Checkout.com, known for processing billions of dollars in cryptocurrency transactions for Binance clients, severed ties with the crypto giant. This decision was communicated through letters sent to Binance on August 9 and 11.
The initial communication cited “reports of regulator’s actions and orders in relevant jurisdictions” and “inquiries from partners” as the reasons for the contract termination. Subsequently, another letter, sent two days after the first, raised specific concerns about Binance’s anti-money laundering, sanctions, and compliance controls. The termination date was set for August 17, 2023.
The timing of Checkout.com’s decision to sever ties with Binance coincided with the closure of Binance Connect, the exchange’s business-oriented cryptocurrency trading division. This division had been supported by Checkout.com since its launch in March 2022.

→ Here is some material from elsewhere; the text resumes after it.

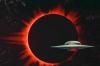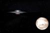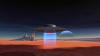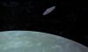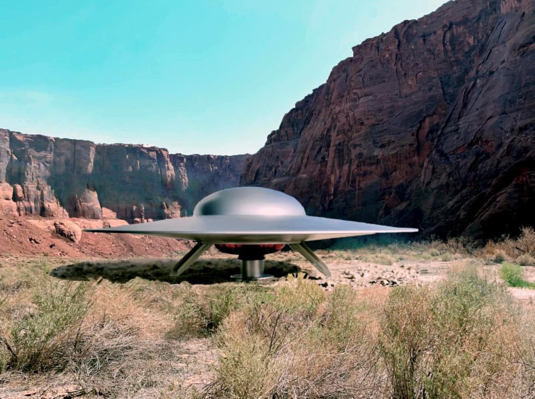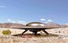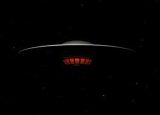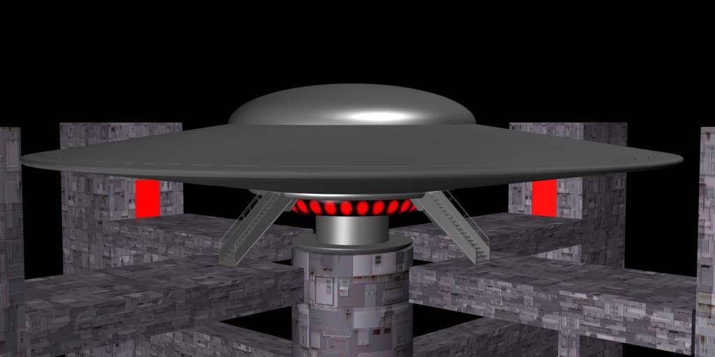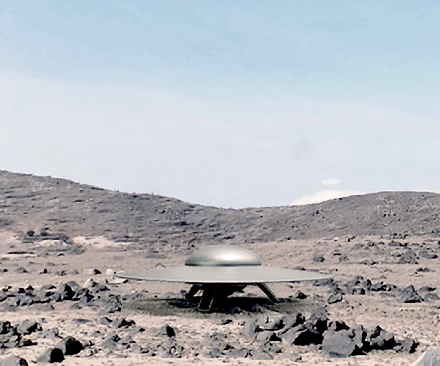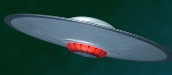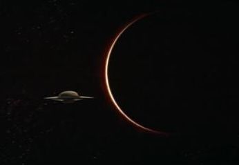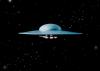 very shallow cylinder of about the same diameter, and a somewhat smaller dome that ostensibly houses the starship's faster-than-light drive engine and central gyroscopic landing pedestal. The precise contours and proportions differ slightly between the saucer's shooting miniatures, full-size sets, and matte paintings used in the film. On landing, the saucer's gangway and two conveyor-loading ramps swing down at an angle from the underside hull, near the edge of the lower lens shape.

Back in March 2022, Checkout.com collaborated with Binance to support the launch of Bifinity, later rebranded as Binance Connect. This fiat-to-crypto payments platform aimed to bridge the gap between businesses, merchants, and users in the cryptocurrency space. The platform facilitated cryptocurrency payments for merchants and enabled users to buy and sell digital assets.
Coinciding with the termination of the partnership with Checkout.com, Binance shut down the Binance Connect platform on August 16. However, the exchange’s announcement of the closure did not explicitly mention Checkout.com. Instead, it attributed the decision to “strategic reasons,” offering no further details.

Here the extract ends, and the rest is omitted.